Desde que, a 23 de dezembro de 1994, a Assembleia Geral das Nações Unidas declarou o Dia Internacional das Populações Indígenas, cada 9 de agosto se converte em um momento propício para recordar e refletir sobre as múltiplas tarefas pendentes para que os enunciados e princípios do direito internacional sobre Povos Indígenas sejam realmente aplicados na prática.
Comecemos por recordar a história desta importante data. Em dezembro de 1990, a Assembleia Geral das Nações Unidas, mediante Resolução 45/164 proclamou 1993 como o ano Internacional das “Populações” Indígenas do Mundo com o fim de reforçar a cooperação internacional para a solução dos problemas que os Povos Indígenas enfrentavam em âmbitos chave como educação, saúde, preservação ambiental etc., em definitiva, o que conhecemos como “desenvolvimento”.
Após a aprovação da Declaração das Nações Unidas sobre os Direitos dos Povos Indígenas a 13 de setembro de 2007, o termo “Povos Indígenas” substituiu o de populações indígenas que tinha sido utilizado desde 1994. No entanto, mais além de um assunto estritamente semântico, o que realmente importa é que esta Declaração marca um antes e um depois no reconhecimento internacional dos nossos direitos como povos e faz que, a cada 9 de agosto, falemos do Dia Internacional dos Povos Indígenas.
Digo falemos e não “celebremos” porque perante a situação vivida pela maioria dos povos indígenas no mundo, vale a pena perguntar se hoje, verdadeiramente, eles têm os motivos para celebrar?

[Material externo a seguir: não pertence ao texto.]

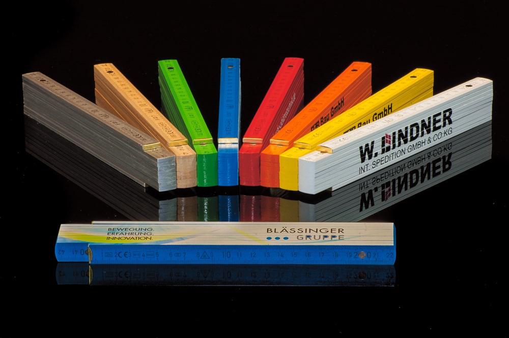 Buchenholz-Gliedermaßstab in guter Qualität mit schwarzer Skalierung.Durch innenliegende, federnde Metallgelenke liegen Glieder bündig aufeinander.8 Standardfarben gemäß Farbtabelle ab 100 Stück.Vollflächiger UV-LED-Digitaldruck auf den Hochseiten möglich.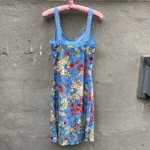 Vintage Blue and Pink Floral Dress with Lace Detailing

Responderei a esta pergunta mais adiante, mas antes quero contextualizar que, quando foi declarado este dia internacional a meados da década de 1990, existia uma pequena abertura de menção, presença e recordatório dos povos indígenas, tanto nas agendas nacionais, como a escala internacional a nível das Nações Unidas.
Naquele momento, o dia 9 de agosto se converteu em uma bandeira de luta que permitia aos e às líderes indígenas uma reivindicação internacional de seus direitos para exigir aos Estados o seu pleno cumprimento.
Qual é a situação hoje?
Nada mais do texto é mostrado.